◆ AIM OF THE EXERCISE
Show every line of the data that contains the string "from".

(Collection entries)
════
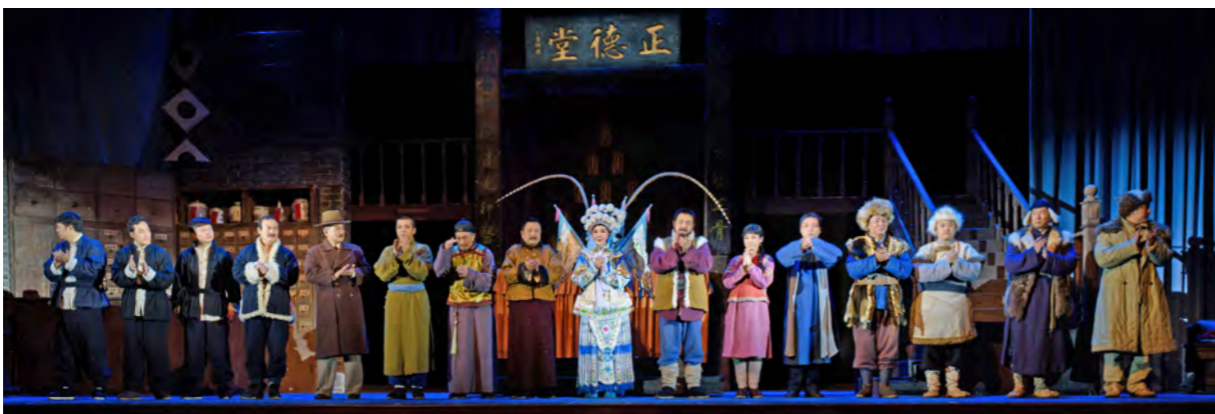
"The Secret Recipe" troupe of performers from Liaoning at Tun Ling Hall
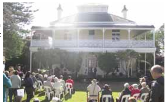
AGHS member, Silas Clifford Smith, speaking at the fundraising day at Claremont

Definition: An easy care garden is one which is safe and pleasurable, requires low maintenance and minimal upkeep. This is achieved by the effective use of mulch and appropriate planting.
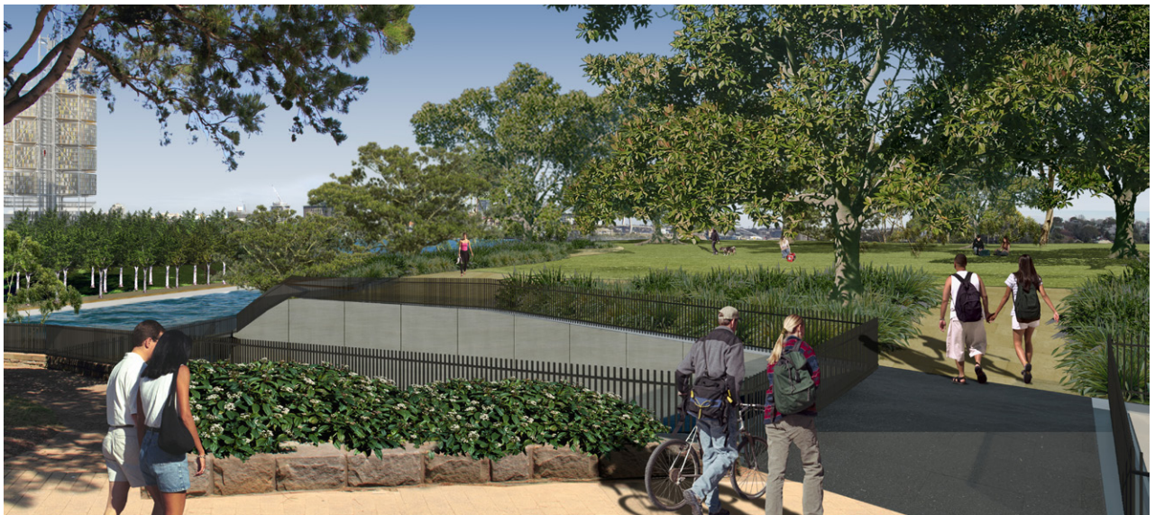
Image showing proposed view from Merriman Street to the southwest Note: Image shown for Barangaroo South is subject to planning determination.
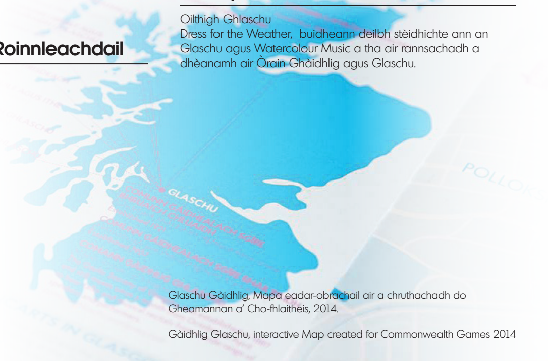
Glaschu Gàidhlig, Mapa eadar-obrachail air a chruthachadh do Gheamannan a’ Cho-fhlaitheis, 2014.

Oilthigh Ghlaschu Dress for the Weather, buidheann deilbh stèidhichte ann an Glaschu agus Watercolour Music a tha air rannsachadh a dhèanamh air Òrain Ghàidhlig agus Glaschu.
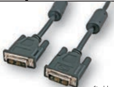
Stock lengths: 2.0 - 3.0 - 5.0 - 10 - 15 - 20 m

Shielding: foil + braiding Conductor: bare copper, Jacket: PVC Plugs and contacts gold plated and moulded Both sides assembled with ferrite core to dejam signals in the cable (better EMC characteristics) Cable length up to 20m! Single Link cable Support resolutions up to 1920 x 1200
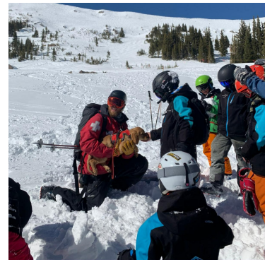
FS Devo Avalanche Awareness Recap
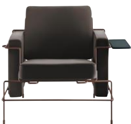
Frame: Sepia Brown 5016 Leather: Dark Brown L-0752 Tablet: Anthracite Grey
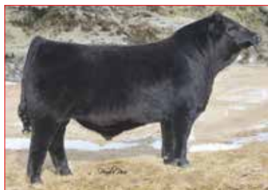
SIRE OF LOTS 11 &amp; 12

A set of ET brothers off the famous SVS captain Morgan and the 425B donor at double bar D's. These are some bulls with extra body and stretch to them and a good look. Think you could go either way with these 2 and be happy with how they mature out and what there offspring will do for your operation. 2 very high quality and fault free bulls here. HOMO POLLED.
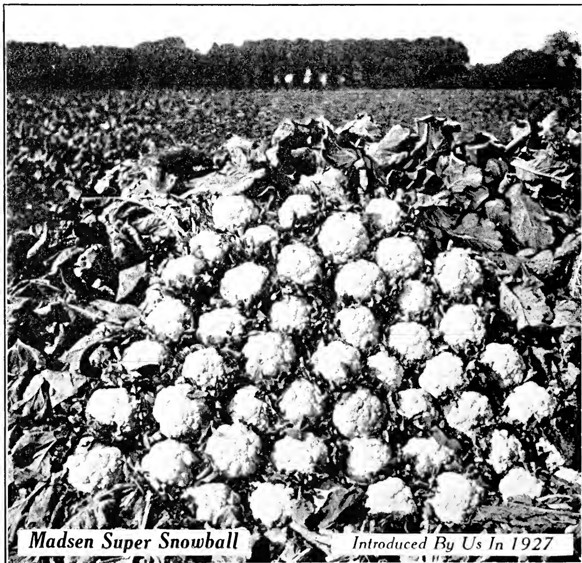
Madsen Super Snowball
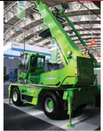
Merlo has plenty of news for ag users of its telehandlers but construction users must wait a bit longer for improvements to the cab and modularisation or major components such as boom, frame, cab and engine.
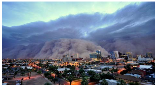
July 5, 2011 Haboob

The people who attended came away with a well-rounded idea of where the dust control industry is today and where it is going in the future.
════
◆ ANSWER BOX
"The Secret Recipe" troupe of performers from Liaoning at Tun Ling Hall
Image showing proposed view from Merriman Street to the southwest Note: Image shown for Barangaroo South is subject to planning determination.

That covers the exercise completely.